WHAT TO WORK ON
From the line containing "- Gorro natalino" to the last line of the listing, transcribe exactly and add nothing else; keep both ends and omit pictures.

======== DATA IN THIS EXERCISE

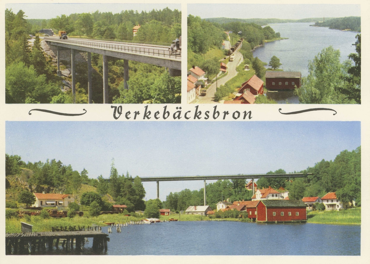 Vykort med Verkebäcksbron som byggdes av AB Armerad Betong, Kalmar, och invigdes den 5 december 1956 av landshövding Ruben Wagnsson. Den total brolängden är 174 meter, och höjden över vattenytan 30 meter.
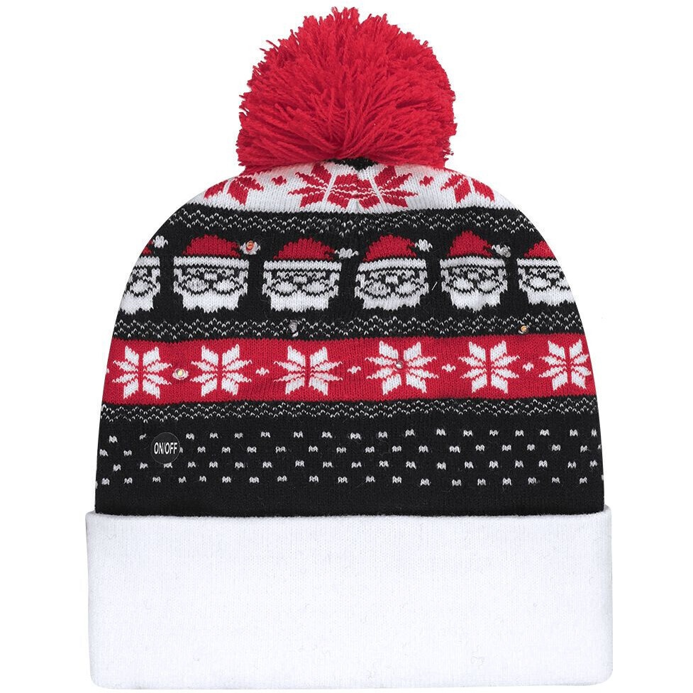 - Gorro natalino com luz LED e design com pompom.
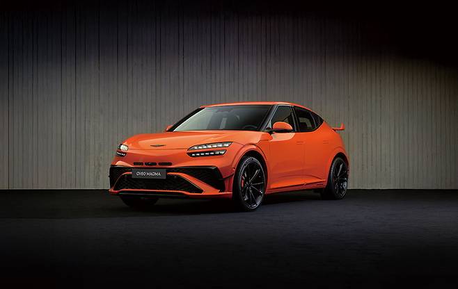 이번에 공개된 GV60 마그마는 고성능을 강조하기 위해 과장하거나 과시하는 대신 ‘보이지 않는 힘’의 존재감을 표현하는 데 초점을 맞췄다. 전면부는 기존 GV60보다 전폭을 넓히고 전고를 낮춰 안정적인 자세를 구현하면서 ‘질주 본능’을 강조했다.
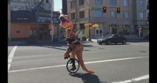 Што може да биде појако од диносаурус, на уницикл со гајда?!
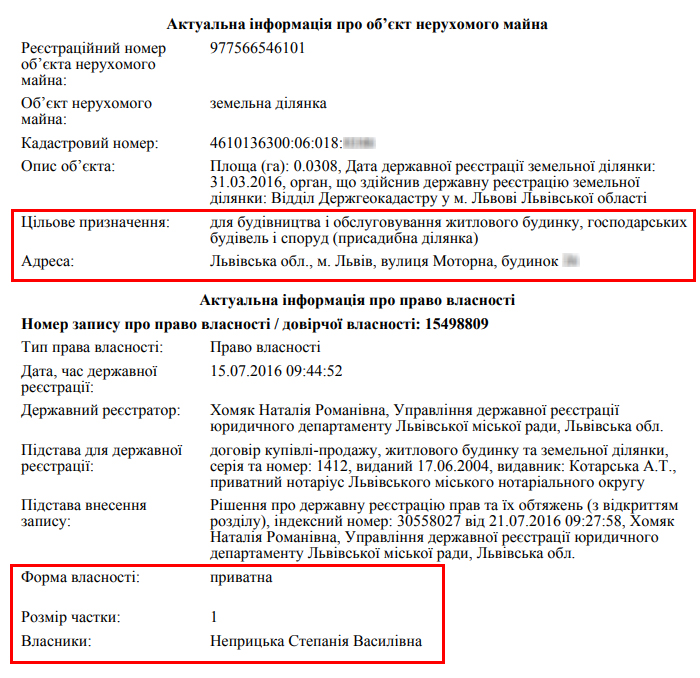 У Сисюк Оксани є ділянка безпосередньо у Львові площею 0,09 га. При цьому власник у реєстрі відсутній взагалі. З ухвали ж сесії Львівської міськради ми маємо підтвердження про власника.
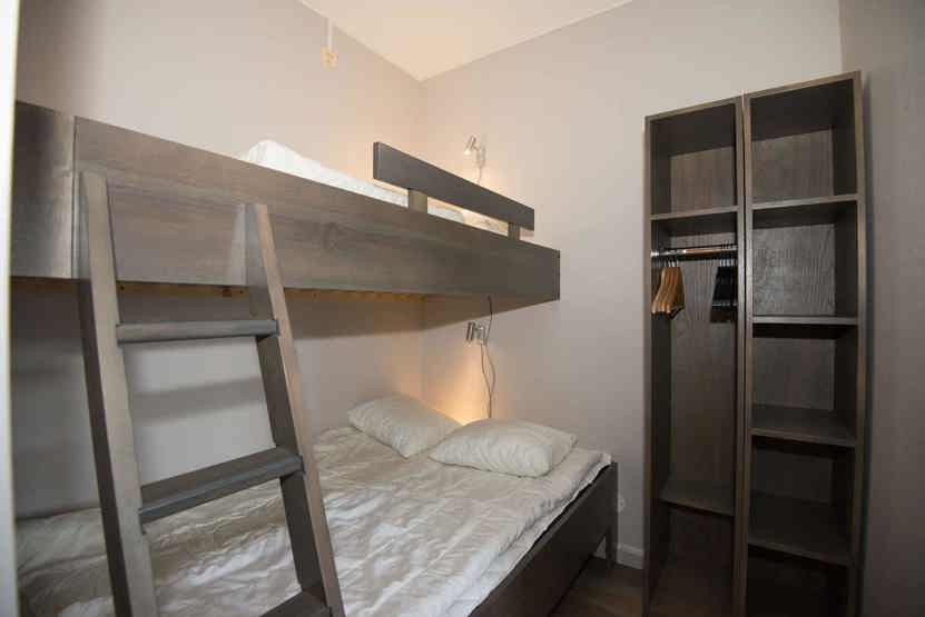 Soveværelse-1= 1 køjeseng, 1 køjeseng med 120 cm bred underkøje .

================

TASK OUTPUT
 - Gorro natalino com luz LED e design com pompom.
 이번에 공개된 GV60 마그마는 고성능을 강조하기 위해 과장하거나 과시하는 대신 ‘보이지 않는 힘’의 존재감을 표현하는 데 초점을 맞췄다. 전면부는 기존 GV60보다 전폭을 넓히고 전고를 낮춰 안정적인 자세를 구현하면서 ‘질주 본능’을 강조했다.
 Што може да биде појако од диносаурус, на уницикл со гајда?!
 У Сисюк Оксани є ділянка безпосередньо у Львові площею 0,09 га. При цьому власник у реєстрі відсутній взагалі. З ухвали ж сесії Львівської міськради ми маємо підтвердження про власника.
 Soveværelse-1= 1 køjeseng, 1 køjeseng med 120 cm bred underkøje .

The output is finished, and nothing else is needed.